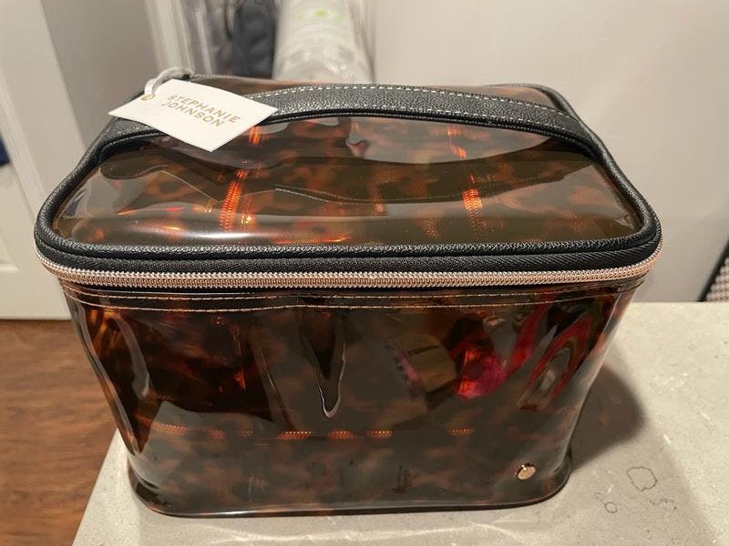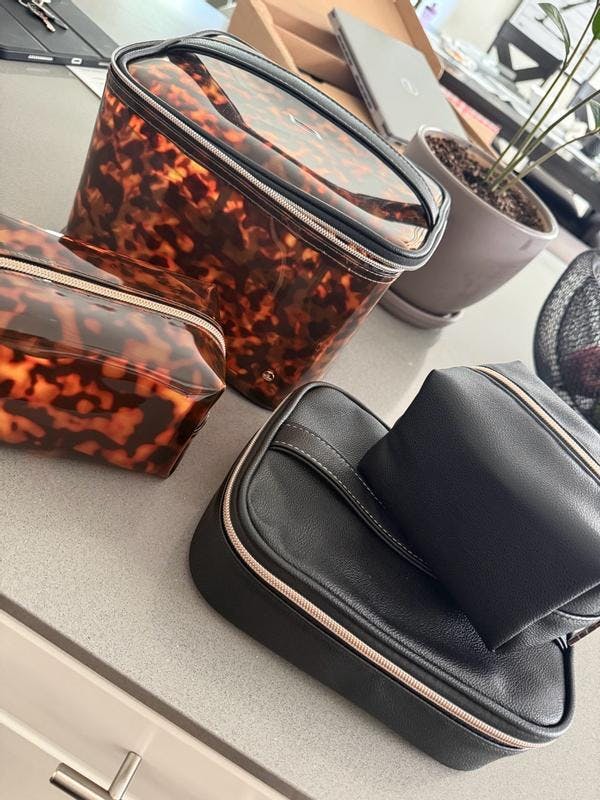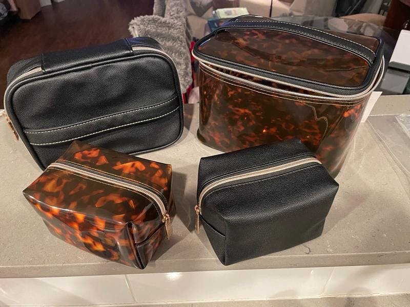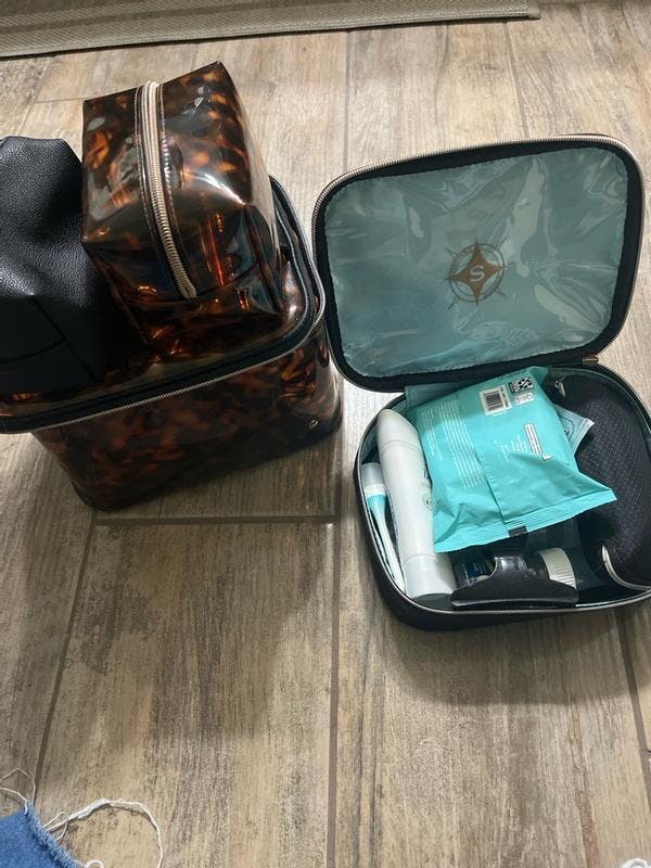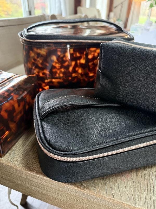 This travel organizer is the cutest. The colors are great match and it is so versatile. Four pieces in one. You can pack your medicine makeup perfumes other essential hair items and still have room for your charging cases. You can separate them or travel with them all together. They pack very well into a suitcase when you separate them. This would make a great carry-on on the plane also. Fill it with a face mask some hand sanitizer tissues and maybe your favorite snacks for the ride. I'm going to get a lot of use out of these pieces. Oh this would also make a great gift.
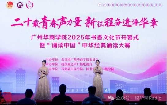 为弘扬中华优秀传统文化,引导师生深入感受中华文化博大精深,以语言艺术凝聚文化自信,以青春之声传递家国情怀,强化校园文化建设,以实际行动助力学校本科合格评估工作和迎接20周年校庆,4月19日晚,在学校团委指导下,校华商之声广播电视台在肇庆校区2号楼报告厅举办“二十载青春声力量,新征程奋进谱华章”——William威廉官网校园书香文化节开幕式暨2025年中华经典诵读大赛。
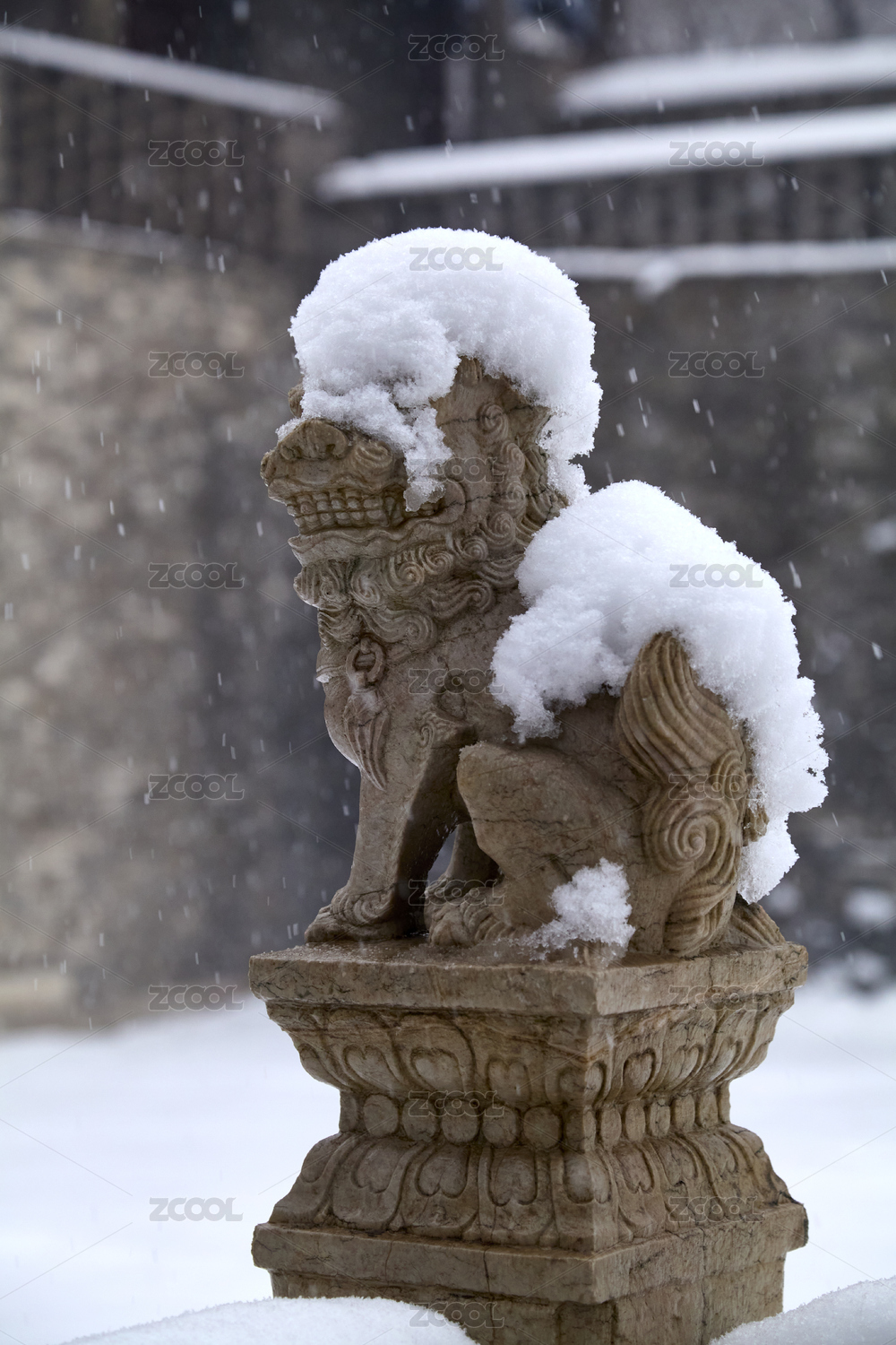 下雪時,清福陵內(nèi)的獅子雕像

______________________________

• [Your goal]:
Starting at the line that holds "为弘扬中华优秀传统文化,引导" and stopping at the last line of the listing above, write out each line exactly as it appears, and omit the pictures.

• [Your response]:
 为弘扬中华优秀传统文化,引导师生深入感受中华文化博大精深,以语言艺术凝聚文化自信,以青春之声传递家国情怀,强化校园文化建设,以实际行动助力学校本科合格评估工作和迎接20周年校庆,4月19日晚,在学校团委指导下,校华商之声广播电视台在肇庆校区2号楼报告厅举办“二十载青春声力量,新征程奋进谱华章”——William威廉官网校园书香文化节开幕式暨2025年中华经典诵读大赛。
 下雪時,清福陵內(nèi)的獅子雕像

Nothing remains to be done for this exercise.